| WHAT YOU HAVE TO DO |
At the line containing "73322106 alte Postkarte", begin an exact copy, and continue through the last line of the entries below. Leave out any pictures.
================================
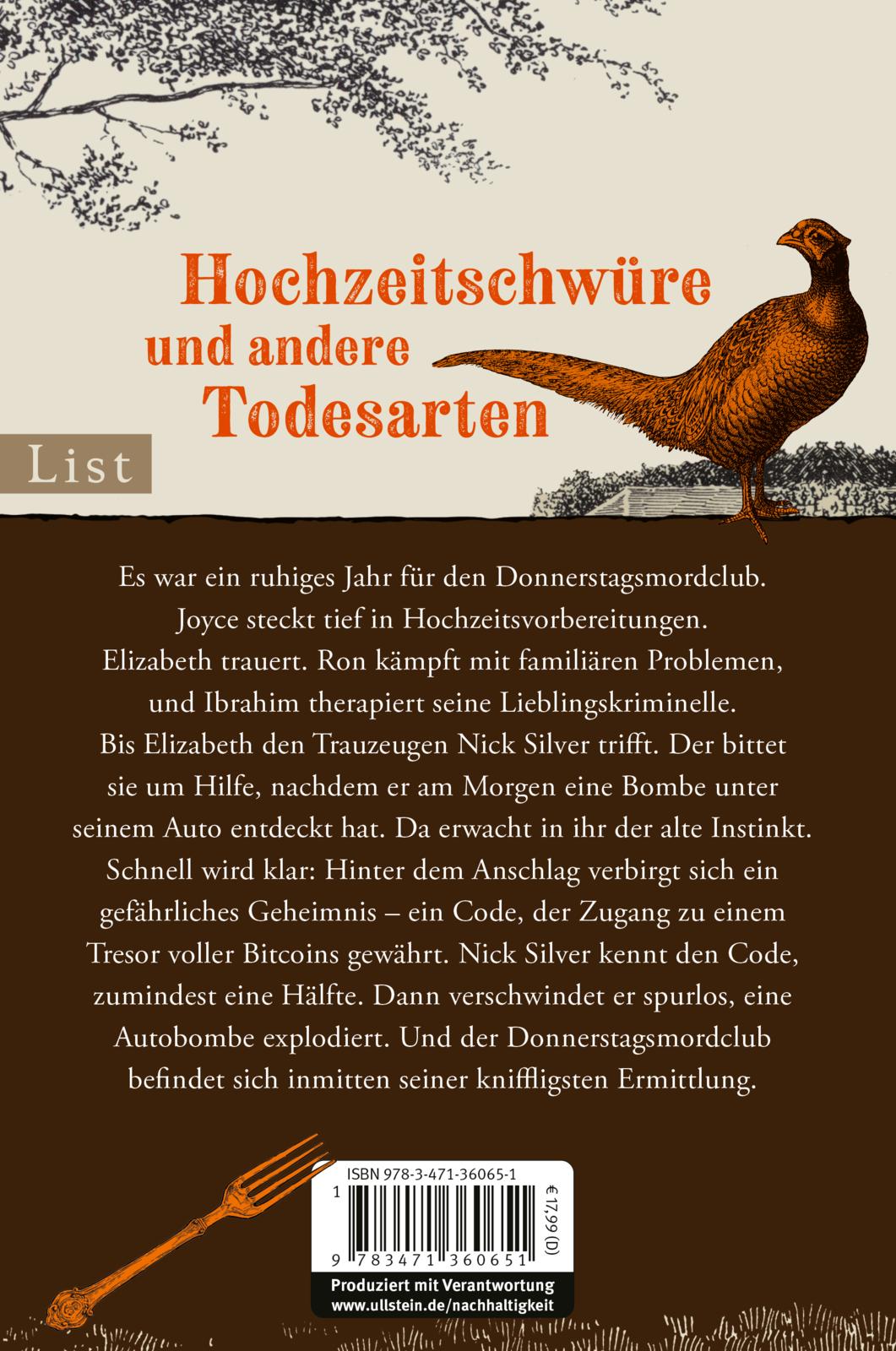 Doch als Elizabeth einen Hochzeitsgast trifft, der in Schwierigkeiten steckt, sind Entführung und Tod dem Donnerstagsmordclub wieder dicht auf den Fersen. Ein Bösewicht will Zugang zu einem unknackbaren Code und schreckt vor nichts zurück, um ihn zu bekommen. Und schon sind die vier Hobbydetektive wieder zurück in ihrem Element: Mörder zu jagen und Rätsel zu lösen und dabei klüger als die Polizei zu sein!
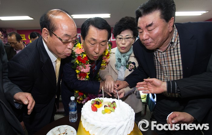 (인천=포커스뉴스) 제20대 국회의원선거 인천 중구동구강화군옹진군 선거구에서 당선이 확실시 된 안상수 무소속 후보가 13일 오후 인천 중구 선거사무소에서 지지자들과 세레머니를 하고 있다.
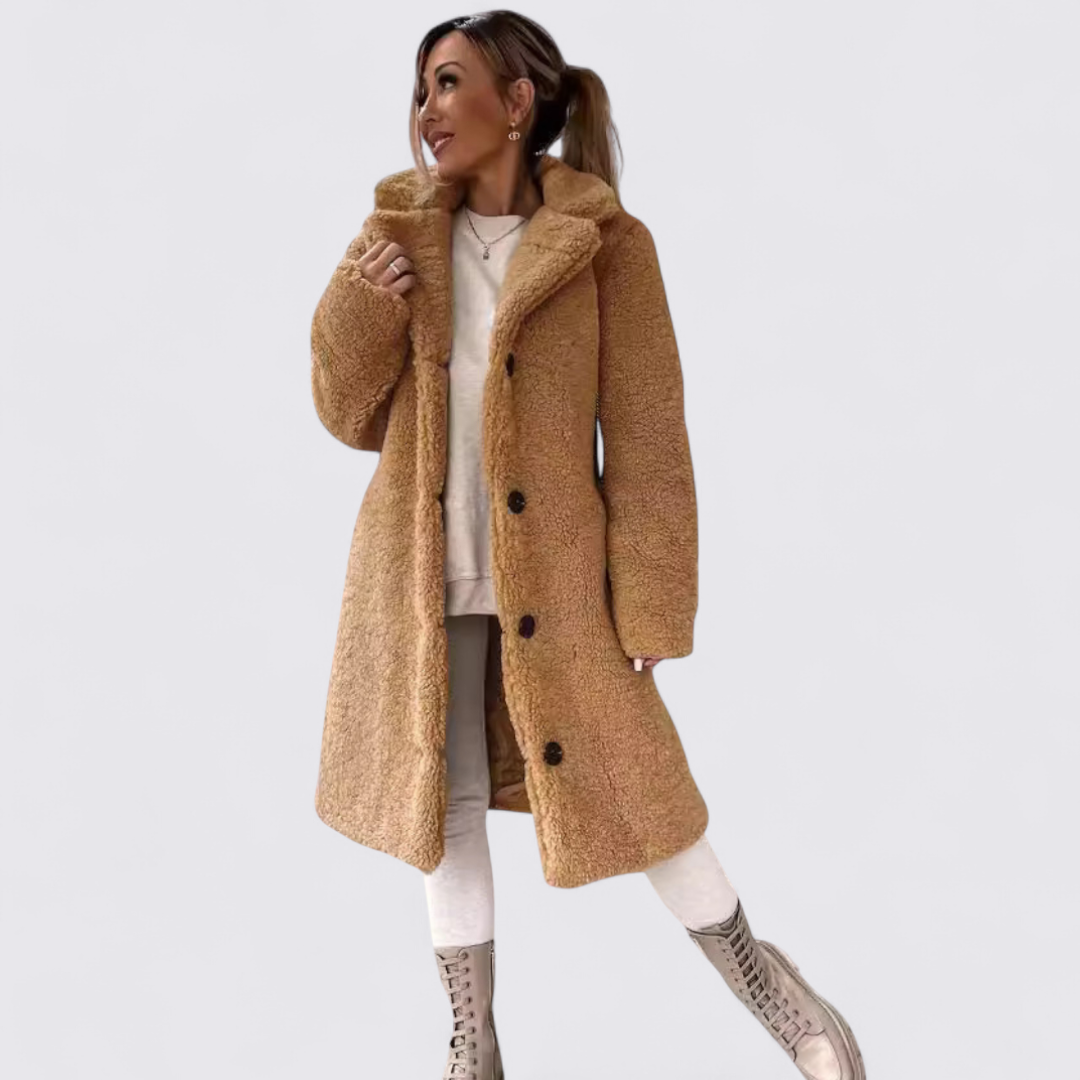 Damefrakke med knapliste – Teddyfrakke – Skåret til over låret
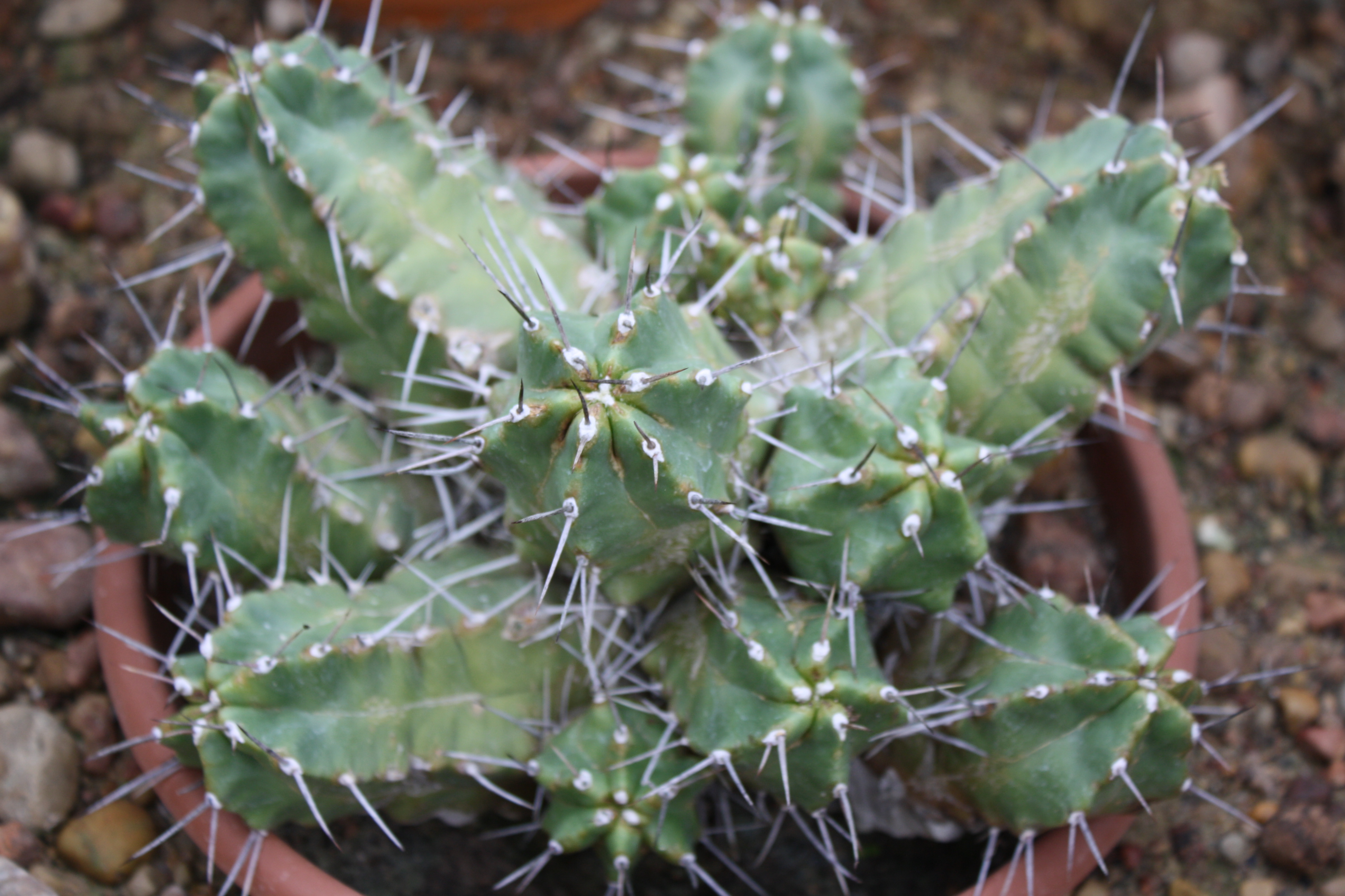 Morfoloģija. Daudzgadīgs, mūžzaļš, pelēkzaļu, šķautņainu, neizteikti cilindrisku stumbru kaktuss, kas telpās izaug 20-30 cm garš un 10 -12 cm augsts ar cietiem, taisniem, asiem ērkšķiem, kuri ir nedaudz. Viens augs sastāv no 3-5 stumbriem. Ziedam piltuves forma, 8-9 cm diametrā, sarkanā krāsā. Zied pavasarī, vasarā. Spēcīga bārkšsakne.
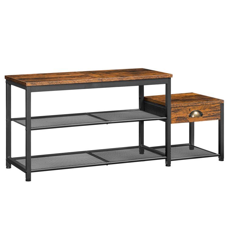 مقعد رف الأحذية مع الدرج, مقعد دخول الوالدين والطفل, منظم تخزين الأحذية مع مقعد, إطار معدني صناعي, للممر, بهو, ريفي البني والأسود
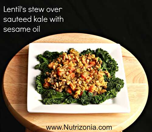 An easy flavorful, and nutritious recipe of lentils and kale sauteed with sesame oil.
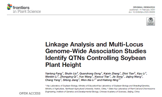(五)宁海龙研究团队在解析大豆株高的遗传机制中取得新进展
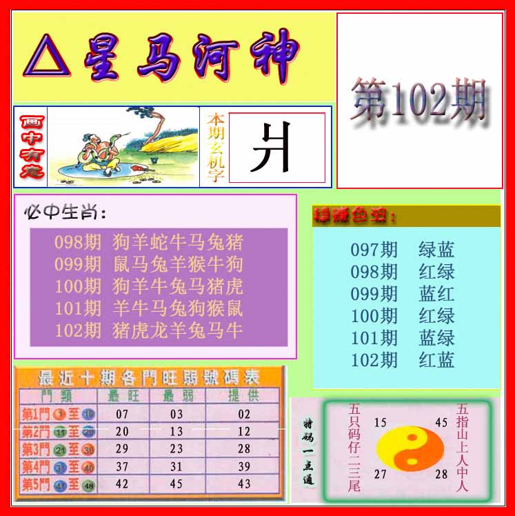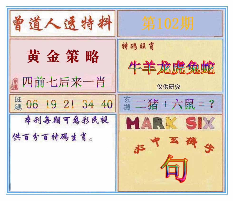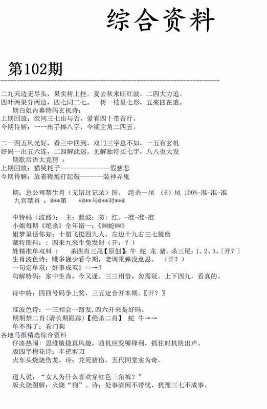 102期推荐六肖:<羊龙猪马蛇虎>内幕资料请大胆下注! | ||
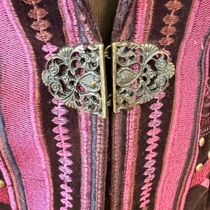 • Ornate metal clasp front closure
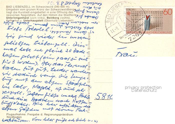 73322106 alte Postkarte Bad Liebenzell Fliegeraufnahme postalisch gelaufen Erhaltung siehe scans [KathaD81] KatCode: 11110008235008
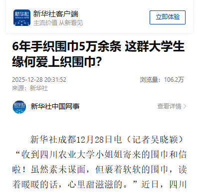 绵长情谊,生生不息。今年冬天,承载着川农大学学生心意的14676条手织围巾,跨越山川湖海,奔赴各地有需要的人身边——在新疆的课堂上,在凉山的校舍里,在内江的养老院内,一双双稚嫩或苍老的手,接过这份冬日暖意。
================================
| EXERCISE ANSWER |
 73322106 alte Postkarte Bad Liebenzell Fliegeraufnahme postalisch gelaufen Erhaltung siehe scans [KathaD81] KatCode: 11110008235008
 绵长情谊,生生不息。今年冬天,承载着川农大学学生心意的14676条手织围巾,跨越山川湖海,奔赴各地有需要的人身边——在新疆的课堂上,在凉山的校舍里,在内江的养老院内,一双双稚嫩或苍老的手,接过这份冬日暖意。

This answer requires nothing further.